What are the main rules for Islamic finance? Bank of London and the Middle East (BLME), a Sharia compliant bank, says the main principles of Islamic Finance is the avoidance of all haram (harmful) activities such as charging interest. In addition to the prohibition on charging interest, Islamic financial institutions must ensure that ambiguity (gharar) or gambling/speculation (maysair) is minimised in transactions and contracts. Complying with Sharia law also means that Islamic Financial Institutions are not permitted to invest in alcohol, pork, pornography or gambling.
How does Islamic finance work?
The overarching principle of Islamic finance is that all forms of interest are forbidden.
The Islamic financial model works on the basis of risk sharing. The customer and the bank share the risk of any investment on agreed terms, and divide any profits between them.
The main categories within Islamic finance are: Ijara, Ijara-wa-iqtina, Mudaraba, Murabaha and Musharaka.
* Ijara is a leasing agreement whereby the bank buys an item for a customer and then leases it back over a specific period.
* Ijara-wa-Iqtina is a similar arrangement, except that the customer is able to buy the item at the end of the contract.
* Mudaraba offers specialist investment by a financial expert in which the bank and the customer shares any profits. Customers risks losing their money if the investment is unsuccessful, although the bank will not charge a handling fee unless it turns a profit.
* Murabaha is a form of credit which enables customers to make a purchase without having to take out an interest bearing loan. The bank buys an item and then sells it on to the customer on a deferred basis.
* Musharaka is a investment partnership in which profit sharing terms are agreed in advance, and losses are pegged to the amount invested.
How long have these products been on offer?
Savings and deposit banks that complied with Sharia were launched in the 1960s, says BLME. However, it was not until the mid 70s that commercial banks began to emerge.

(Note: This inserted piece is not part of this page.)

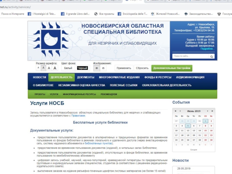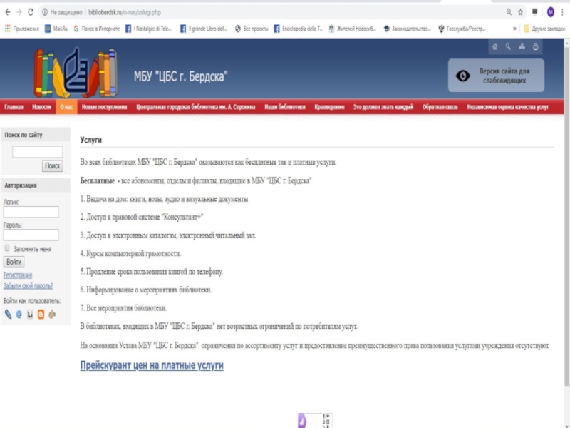 наличие альтернативной версии сайта для инвалидов по зрению;

The last 20 years has seen the expansion both geographically and across financial services of Islamic Banking. In 2004 the first UK Islamic Bank was authorised by the Financial Services Authority. Conventional banks also identified the potential of Islamic Banking and many have opened Islamic ‘windows’ over the last ten years.

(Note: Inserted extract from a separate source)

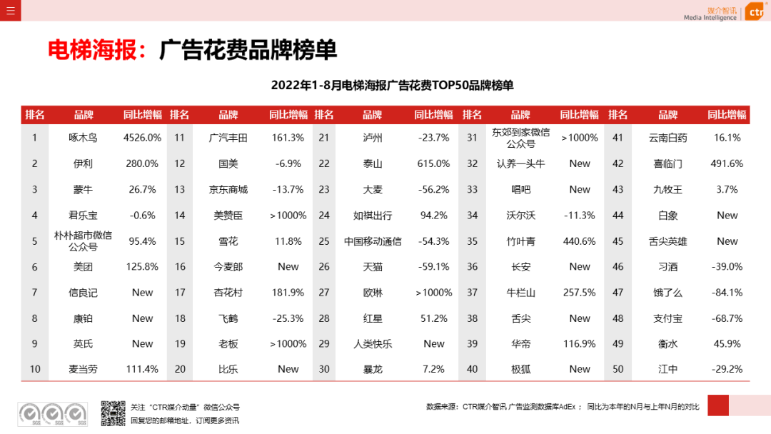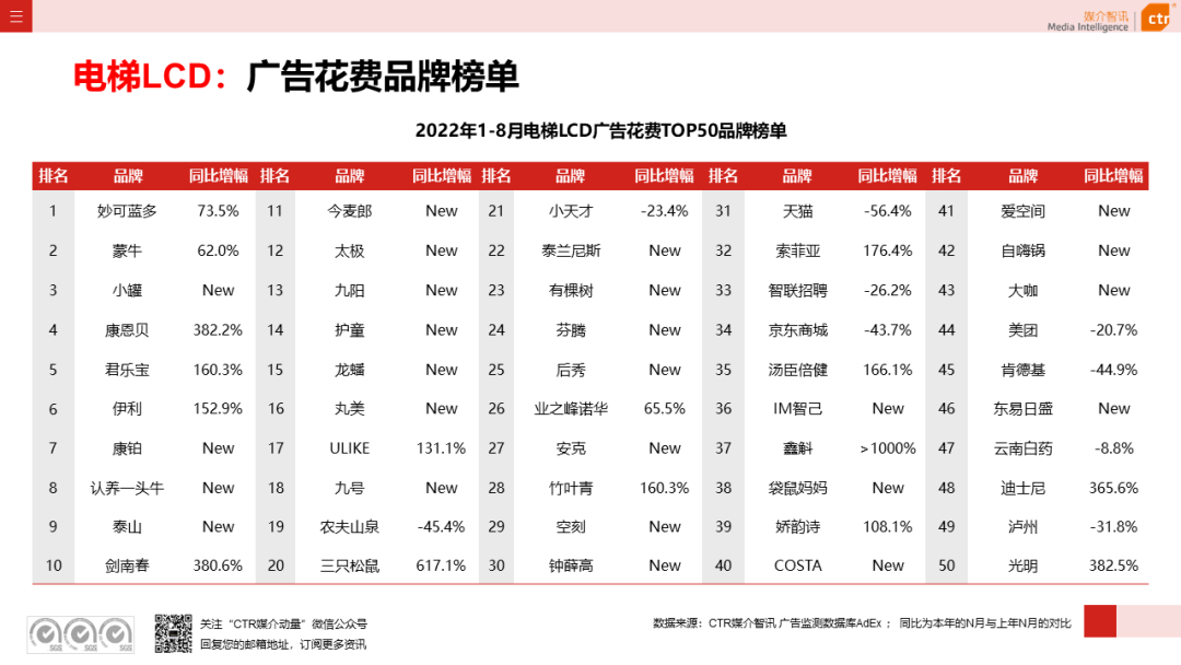 2022年1-8月广告市场头部行业榜单中,食品行业花费同比上涨7.5%,在电视、广播、电梯广告渠道均呈现增投。尤其在电梯LCD和电梯海报同比分别增长32.6%和63.1%,行业内奶类产品、冰雪食品、方便食品、零食糖果、保健食品等各品类的加大投放是电梯广告渠道花费上涨的源由。重点品牌中,妙可蓝多、伊利、三只松鼠、空刻、钟薛高等品牌在电梯LCD的广告投放突出;电梯海报的食品行业头部品牌则有信良记、英氏、蒙牛、比乐、人类快乐等,而且这五个品牌均是今年新增投放电梯海报广告。此外,保健食品和方便食品在电视媒体投放活跃,增投突出的品牌有钙尔奇、香丹清、燕小厨、小仙炖、奥多菲。

Humphrey Percy, CEO of BLME, says: “Since its establishement in 2007, BLME has witnessed a growing demand among medium to high net worth individuals for a banking option that incorporates the transparent and ethical principles inherent in Islamic finance with competitive returns. With the financial climate improving, individuals are looking to diversify their investments that were previously solely held by UK high street banks.”
Who offers them?
There are over 500 financial institutions offering Islamic Finance in over 80 different countries, these range from retails banks to investment banks and asset managers. A recent estimate puts the Islamic Finance industry $1 trillion worth of assets and predicts that it will grow at between 10-15 per cent per annum. Lloyds TSB offers a current account together with a home-financing scheme. The Islamic Bank of Britain offers a Sharia compliant current account, mortgage and also a personal loan. HSBC offers a Islamic current account and mortgage. Bank of London and the Middle East offers a premier deposit account for investors with a minimum deposit of £50,000.
Lloyds TSB offers a current account together with a home-financing scheme. The Islamic Bank of Britain offers a Sharia compliant current account, mortgage and also a personal loan. HSBC offers a Islamic current account and mortgage.
Bank of London and the Middle East offers a premier deposit account for investors with a minimum deposit of £50,000.
A handful of other banks also offer financial products in the UK tailored for Muslims.
Can anyone else benefit from these products?
Both Muslims and non-Muslims can benefit from Islamic Finance as, by principle, it aims to be a more transparent and fairer system of finance. Many of the instruments or investment methods that have contributed to the financial crisis are not permitted by Sharia, such as short selling or non-asset backed derivatives.
BLME makes the point that there is no difference between how an individual or business would approach identifying an Islamic Bank or financial institution compared to a conventional one. Individuals should check that the Islamic Bank is authorised and regulated by the FSA to ensure they receive the same protection as they would with a conventional bank. It is important that individuals and business ask what benefits and terms they would receive and ensure that they select their provider on how they can meet these.
How do the banks make any money?
Although they cannot charge interest, the banks can profit from helping customers to purchase a property using a ijara or murabaha scheme. With an ijara scheme the bank makes money by charging the customer rent; with a murabaha scheme, a price is agreed at the outset which is more than the market value. This profit is deemed to be a reward for the risk that is assumed by the bank.